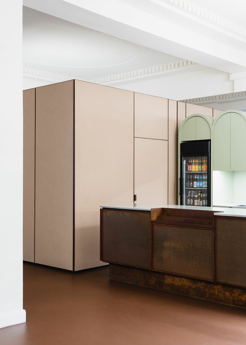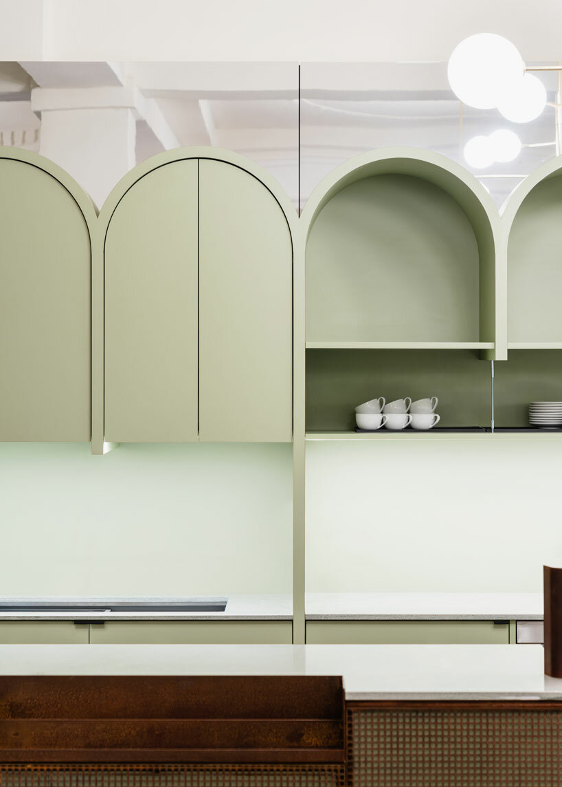 for the concession stand in the foyer, batek architekten picked up the arched motif from the cinema façade and added a contemporary pistachio green shade. the architects also incorporated corten steel, which was upcycled from the previous bar, and pale natural cork to complement the earthy reddish-brown of the original linoleum flooring.
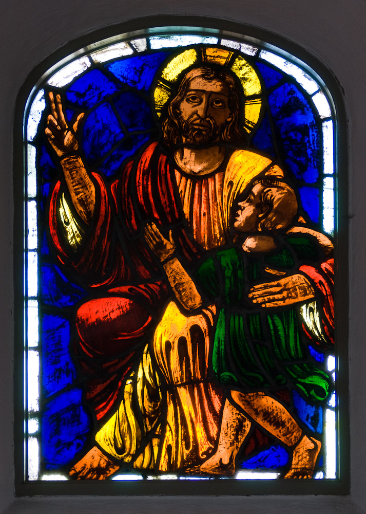 Glasmaleri af M. Trock: «Jesus velsigner de små børn«.
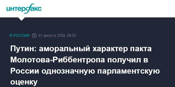 Москва. 31 августа. INTERFAX.RU - Премьер-министр РФ Владимир Путин заявил, что пакт Молотова-Рибентроппа несомненно заслуживает осуждения, но призывает не вырывать искусственно отдельные эпизоды из общего исторического фона, политико-экономического или военно-стратегического контекста.
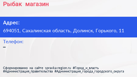 Рыбак+, магазин по адресу 694051, Сахалинская область, Долинск, Горького, 11 в дальнейшем Организация, размещена в следующих категориях:

→ **GOAL OF THE EXERCISE**
Retype exactly, please, the span from the line holding "Москва. 31 августа." through the closing line of the data, both ends included, without the pictures.

→ **TASK ANSWER**
 Москва. 31 августа. INTERFAX.RU - Премьер-министр РФ Владимир Путин заявил, что пакт Молотова-Рибентроппа несомненно заслуживает осуждения, но призывает не вырывать искусственно отдельные эпизоды из общего исторического фона, политико-экономического или военно-стратегического контекста.
 Рыбак+, магазин по адресу 694051, Сахалинская область, Долинск, Горького, 11 в дальнейшем Организация, размещена в следующих категориях:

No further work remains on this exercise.